* _Your goal_: Reproduce each line of the following material exactly, omitting the images.

* _Data section_:
■ ■ ■ ■

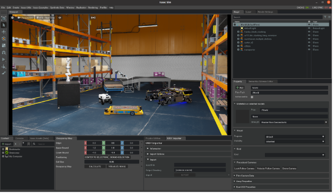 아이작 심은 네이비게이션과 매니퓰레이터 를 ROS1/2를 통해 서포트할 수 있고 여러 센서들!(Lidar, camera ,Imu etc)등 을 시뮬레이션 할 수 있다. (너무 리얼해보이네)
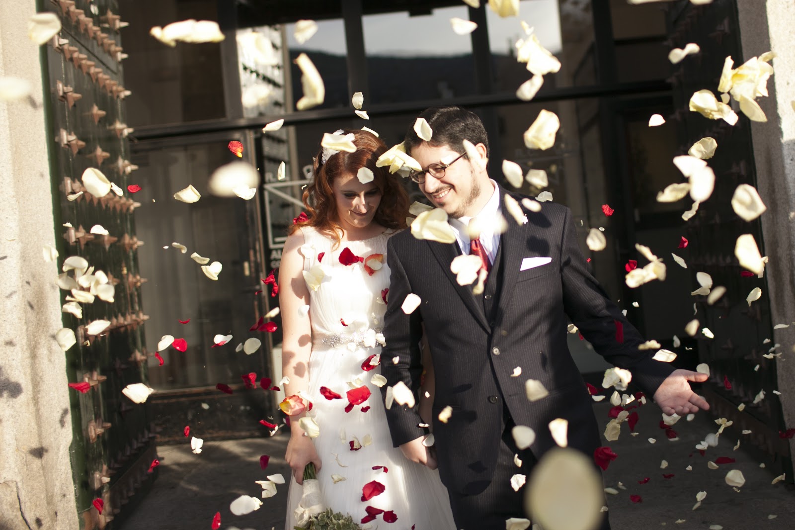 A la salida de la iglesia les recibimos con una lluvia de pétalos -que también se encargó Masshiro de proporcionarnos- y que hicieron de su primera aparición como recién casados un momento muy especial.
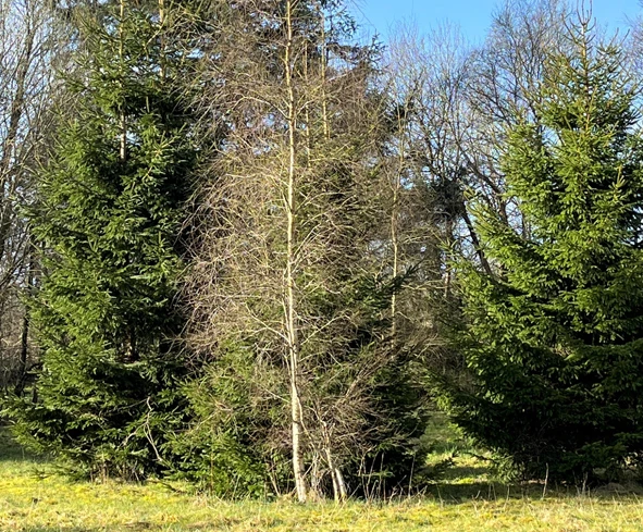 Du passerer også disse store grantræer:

■ ■ ■ ■

* _Answer box_:
 아이작 심은 네이비게이션과 매니퓰레이터 를 ROS1/2를 통해 서포트할 수 있고 여러 센서들!(Lidar, camera ,Imu etc)등 을 시뮬레이션 할 수 있다. (너무 리얼해보이네)
 A la salida de la iglesia les recibimos con una lluvia de pétalos -que también se encargó Masshiro de proporcionarnos- y que hicieron de su primera aparición como recién casados un momento muy especial.
 Du passerer også disse store grantræer:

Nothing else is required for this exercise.